My favorite moment came near the end of the meeting. I had been standing near the door, near a man whose role I don’t know (I don’t know whether he was a cop because I missed the moment when plainclothes officers were asked to identify themselves), but who was one of the few in the room who did not raise his hand when a member of the audience asked whether people acknowledged the reality of white male privilege in our society. A well known African American female activist entered the door and non-verbally greeted three to four other people of color in her immediate proximity, with head nods and small waves. They waved and nodded back. I watched this man, directly behind her, track all of these interactions like a tennis match, the alarm growing visibly on his face. Then, just before she sat down, she smiled and waved at me.

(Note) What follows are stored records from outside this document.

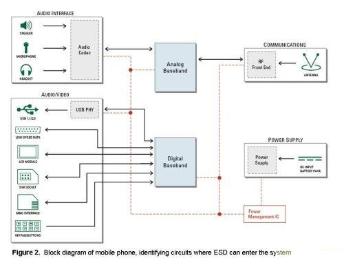 由于手機(jī)的設(shè)計(jì)對象是大眾消費(fèi)者,而且可在任何環(huán)境中使用,因此ESD很有可能會進(jìn)入其中的一個(gè)端口或I/O接口,并導(dǎo)致芯片組出現(xiàn)電氣不穩(wěn)定現(xiàn)象或完全損壞。圖2用于幫助說明不同電路該用什么樣的ESD保護(hù)技術(shù)。它表明,所有的電路都有可能為ESD進(jìn)入手機(jī)提供一個(gè)途徑。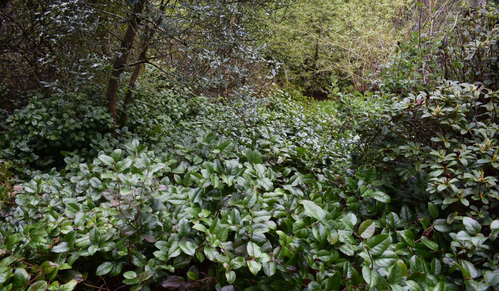 The Gaultheria shallon which grows in Caroline’s Garden is currently being dealt with by the rangers along with essential help from Branching Out volunteers. Branching Out is an NHS partnership organisation that helps vulnerable people connect with nature and enjoy outside activities. Gaultheria is a North American plant that has become a real nuisance in certain areas of lowland forest and heath; like the rhododendron it was planted for game cover. Its deep roots mean that once it is established it is difficult to eradicate. Cutting back is not enough to remove it, but a treatment with herbicide following cutback should do the trick. Herbicide is used reluctantly, but is sometimes appropriate on target species. If this potential threat is removed now it could save heartache in the future.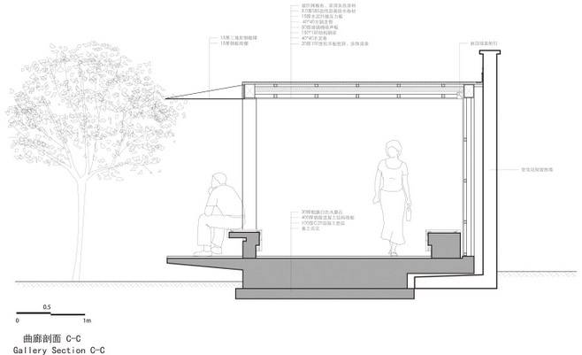 ▼作為框景的曲廊,曲廊邊上設(shè)有木制臺(tái)面的休息空間? 田方方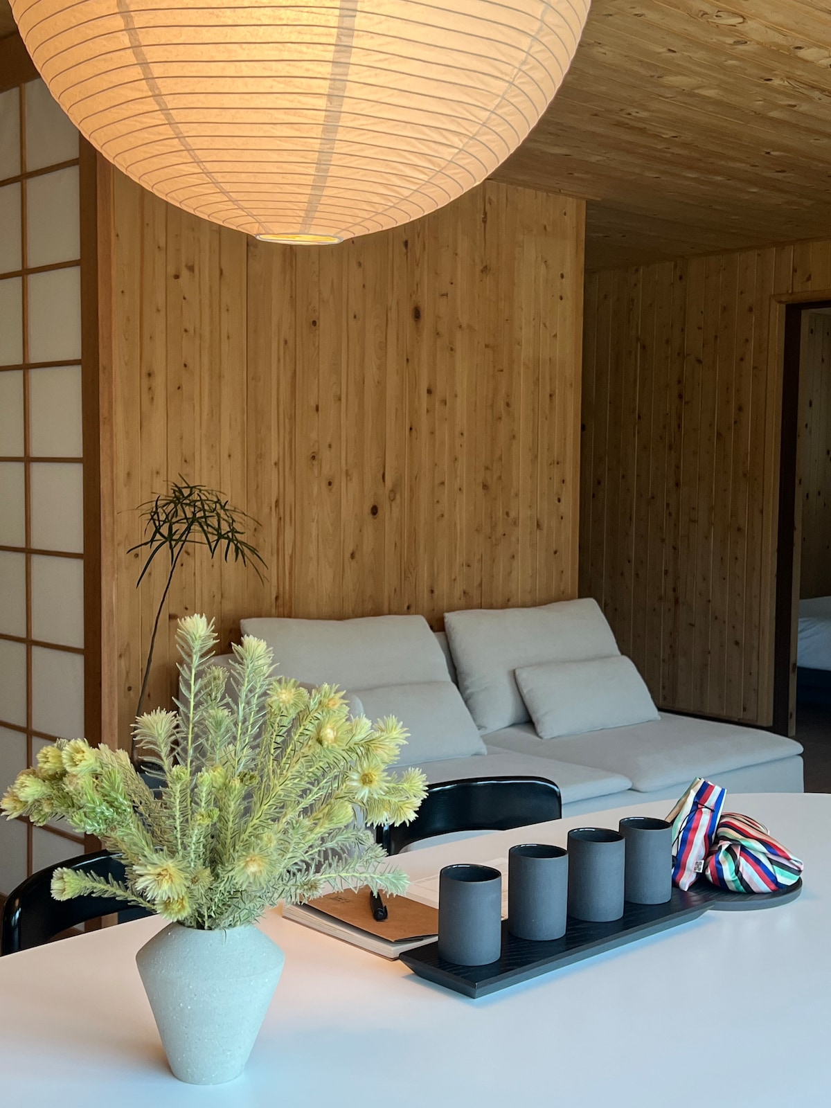 Die Bedeutung von INN STAY 1. INN bedeutet auf Englisch eine Hütte oder ein Gasthaus auf dem Land, in dem Übernachtungen möglich sind (in einer Unterkunft übernachten). 2. Wenn man INN als koreanisches Schriftzeichen ausspricht, dann wie das Wort für Mensch (). (Eine Person bleibt) 3. Das englische Wort "in" (In einem Aufenthalt) INN STAY hat drei Bedeutungen. Die Unterkunft ist für 2 Personen ausgelegt, aber Sie können die gesamte Fläche von 83m², einschließlich der Terrasse, für sich allein nutzen. Das Gebäude wurde mit Blick auf die Berge gebaut. Die Kombination aus kaltem, exponiertem Beton und dem natürlichen Gefühl des Korkeichen. Die Innenausstattung ist warm und luxuriös, um die Wärme und den Luxus zu betonen, und ist mit Edelstahl und Holz ausgeführt. Das Inn Stay ist nicht nur eine Reise, sondern das Inn Stay Ich hoffe, dass es das Ziel der Reise wird, und ich habe es gebaut. Die Bauzeit betrug 1 Jahr und 2 Monate. Wir hoffen, dass die wunderschöne Aussicht auf die Berge und den Garten, die man von innen genießen kann, für einen Moment aus dem Alltag entfliehen und Heilung finden.
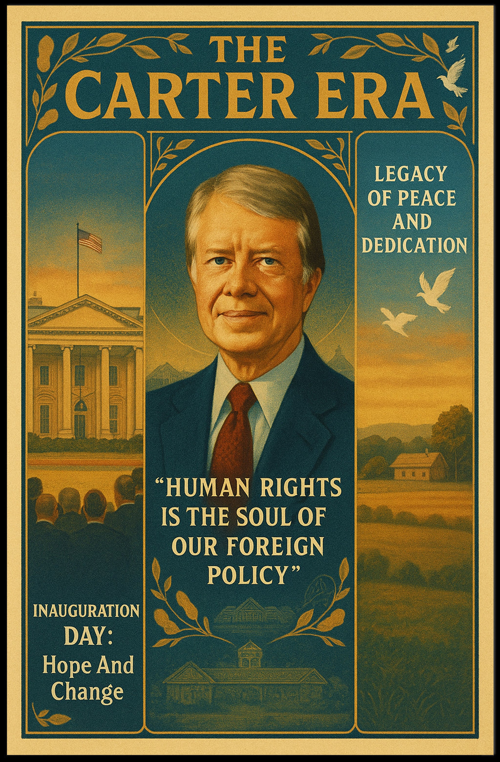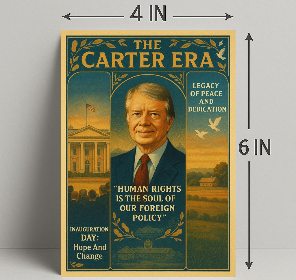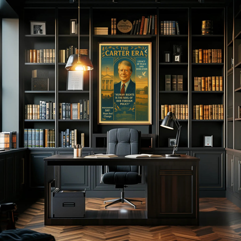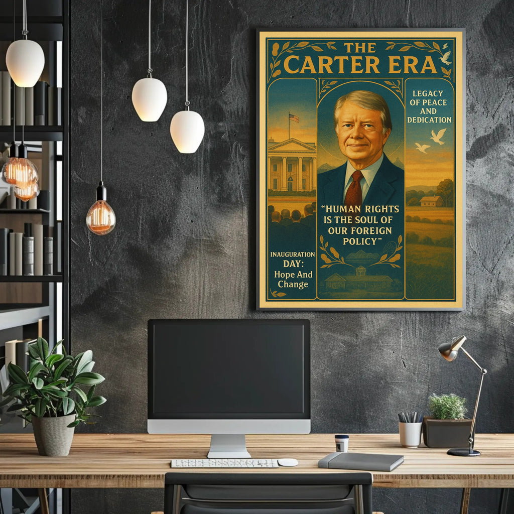 Capture a moment of inspired leadership with The Carter Era Poster — a vintage‑inspired art print from PosterGoat that blends nostalgic Americana with refined pop‑art styling. Rich teal and gold tones frame a dignified portrait set between scenes of the White House and a peaceful countryside, accented by soaring doves and classic ornamental flourishes. This scenic poster is designed to be a focal point in living rooms, offices, study spaces, or anywhere wall art makes a statement.

And I waved back, and I like to imagine that the look dawning on his face was one of the understanding that our communities are connecting more than ever over this issue, and the real threat to power that those relationships represent. His surprise and mild terror at that is, on some level, echoed by the SPD and the Mayor. Otherwise, they wouldn’t have felt the pressure to attend such a forum in the first place. They wouldn’t have scrambled to smooth things over at all. And as of now, things are still not smooth. Building trust is going to take much more than a few meetings, but a genuine process of accountability and reckoning with conditions in this city regarding race, policing, and power.